##### Task data

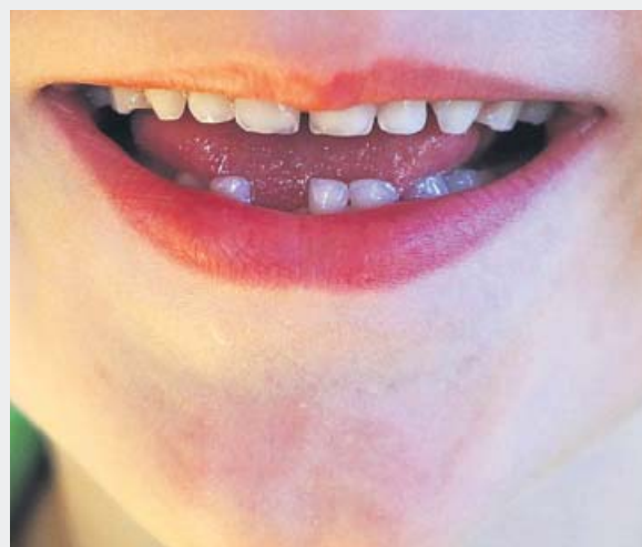
Un menor muestra sus dientes de leche.
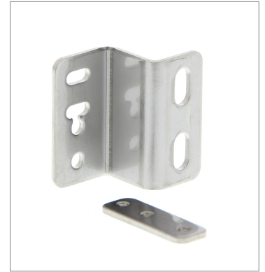
Mounting Bracket E39-L118
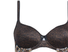
Schalen BH 3 554 02 A-B 75-105 E-F 70-95 C-D 70-100 G 70-90
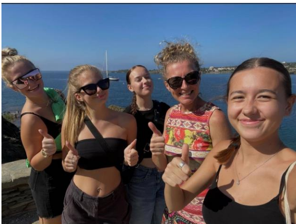
Obrázek 11: Studentky spolu s paní učitelkou

V týdnu od 9. do 13. října 2023 navštívilo dvacet osm studentů španělštiny spolu se svými pedagogy Katalánsko. Po dvouhodinovém letu dorazili do Barcelony, kde navštívili baziliku Sagrada Familia, arénu na býčí zápasy a moderní katalánské divadlo. Poté se přesunuli do města Calella. Druhý den strávili v Barceloně, kde prozkoumali bulvár Las Ramblas, tržnici La Boquería, muzeum Moco a místní akvárium.
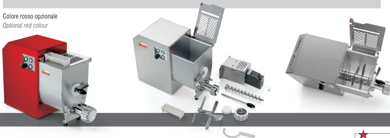
Colore rosso opzionale Optional red colour
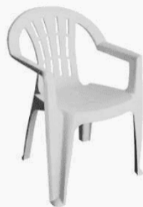
Silla con Brazos Rayas
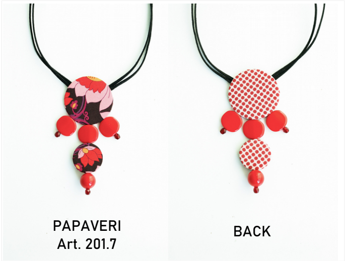
PAPAVERI Art. 201.7
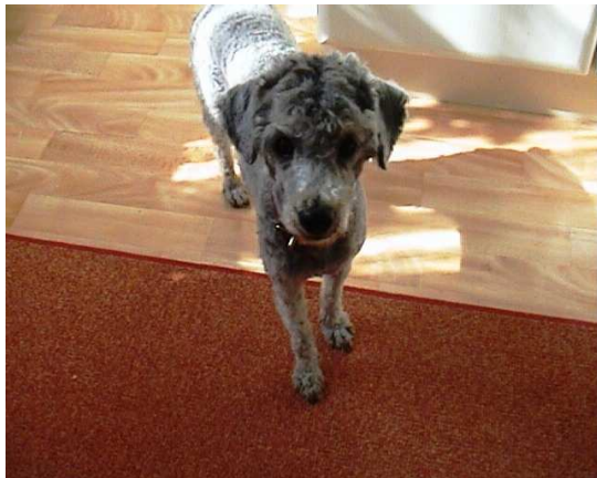
der Filz ist ab, aber Lilu muss sich erst einmal an Den neuen Haarschnitt gewöhnen :-)))
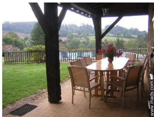
salão de jardim
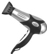
Hair Dryer AD 2224
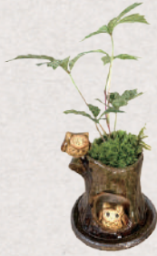
ぼてぼん工房 5・6日
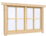
1.34×0.91 м.1 шт.
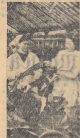
In serile G.A.S. Popeşti-Leordeni se recoltează calete.
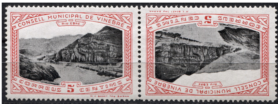
Emissió regular en parella capicua
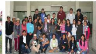
UNAMAD - Madre de Dios

##########

== What is expected ==
If an entry holds a picture, leave that picture out, and transcribe the rest of the listing above exactly.

== Written solution ==
Un menor muestra sus dientes de leche.
Mounting Bracket E39-L118
Schalen BH 3 554 02 A-B 75-105 E-F 70-95 C-D 70-100 G 70-90
Obrázek 11: Studentky spolu s paní učitelkou

V týdnu od 9. do 13. října 2023 navštívilo dvacet osm studentů španělštiny spolu se svými pedagogy Katalánsko. Po dvouhodinovém letu dorazili do Barcelony, kde navštívili baziliku Sagrada Familia, arénu na býčí zápasy a moderní katalánské divadlo. Poté se přesunuli do města Calella. Druhý den strávili v Barceloně, kde prozkoumali bulvár Las Ramblas, tržnici La Boquería, muzeum Moco a místní akvárium.
Colore rosso opzionale Optional red colour
Silla con Brazos Rayas
PAPAVERI Art. 201.7
der Filz ist ab, aber Lilu muss sich erst einmal an Den neuen Haarschnitt gewöhnen :-)))
salão de jardim
Hair Dryer AD 2224
ぼてぼん工房 5・6日
1.34×0.91 м.1 шт.
In serile G.A.S. Popeşti-Leordeni se recoltează calete.
Emissió regular en parella capicua
UNAMAD - Madre de Dios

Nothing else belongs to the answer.